Julian Seward [Sat, 25 Aug 2007 07:19:08 +0000 (07:19 +0000)]
Changes to m_hashtable:
Allow hashtables to dynamically resize (patch from Christoph
Bartoschek). Results in the following interface changes:
* HT_construct: no need to supply an initial table size.
Instead, supply a text string used to "name" the table, so
that debugging messages ("resizing the table") can say which
one they are resizing.
* Remove VG_(HT_get_node). This exposes the chain structure to
callers (via the next_ptr parameter), which is a problem since
callers could get some info about the chain structure which then
changes when the table is resized. Fortunately is not used.
* Remove VG_(HT_first_match) and VG_(HT_apply_to_all_nodes) as
they are unused.
* Make the iteration mechanism more paranoid, so any adding or
deleting of nodes part way through an iteration causes VG_(HT_next)
to assert.
* Fix the comment on VG_(HT_to_array) so it no longer speaks
specifically about MC's leak detector.
Julian Seward [Thu, 23 Aug 2007 10:22:44 +0000 (10:22 +0000)]

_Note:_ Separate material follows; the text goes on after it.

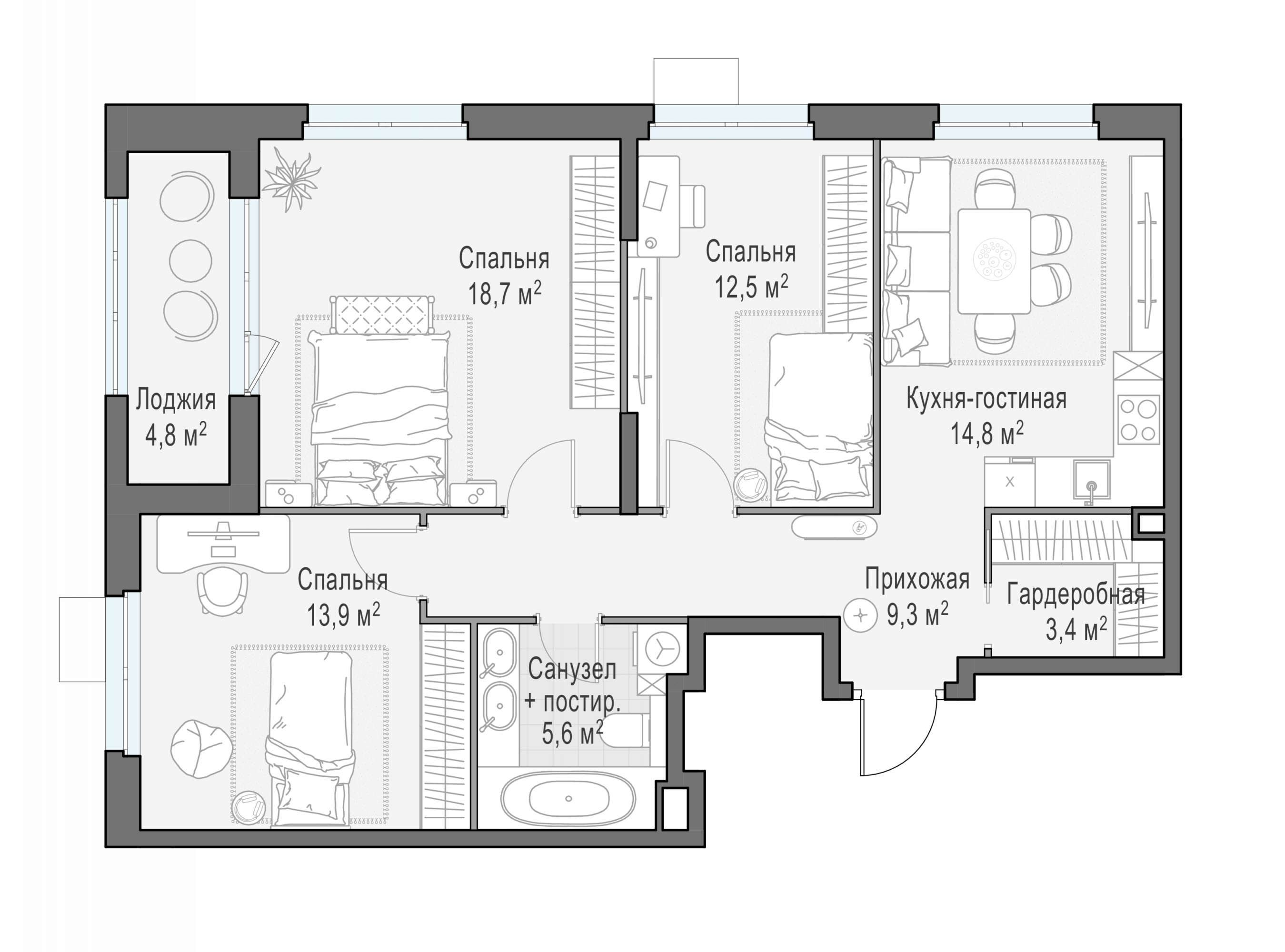 Представленные планировочные решения носят иллюстративный характер. Застройщик передаёт объект с планировкой, указанной в договоре участия в долевом строительстве. Любая перепланировка должна соответствовать требованиям государственных органов.

The drastic increase in the number of per-arena freelists in r6771
exposes a performance problem with doing m_mallocfree.c sanity checks
(at --sanity-level=3, at least), caused by slowness in
listNo_to_pszB_min. This commit fixes the problem by caching the
results of queries to listNo_to_pszB_min.
Julian Seward [Tue, 21 Aug 2007 10:55:26 +0000 (10:55 +0000)]
Previously, each Arena has a linked list of Superblocks, which can
make VG_(arena_free) expensive if many superblocks have to be checked
before the right one is found. This change gives the arena a
dynamically expanding sorted array of superblocks, so that finding the
superblock containing an about-to-be-freed block (findSb) is now
O(log2 n) rather than linear in the number of superblocks in the
arena. Patch from Christoph Bartoschek.
Julian Seward [Mon, 20 Aug 2007 22:57:56 +0000 (22:57 +0000)]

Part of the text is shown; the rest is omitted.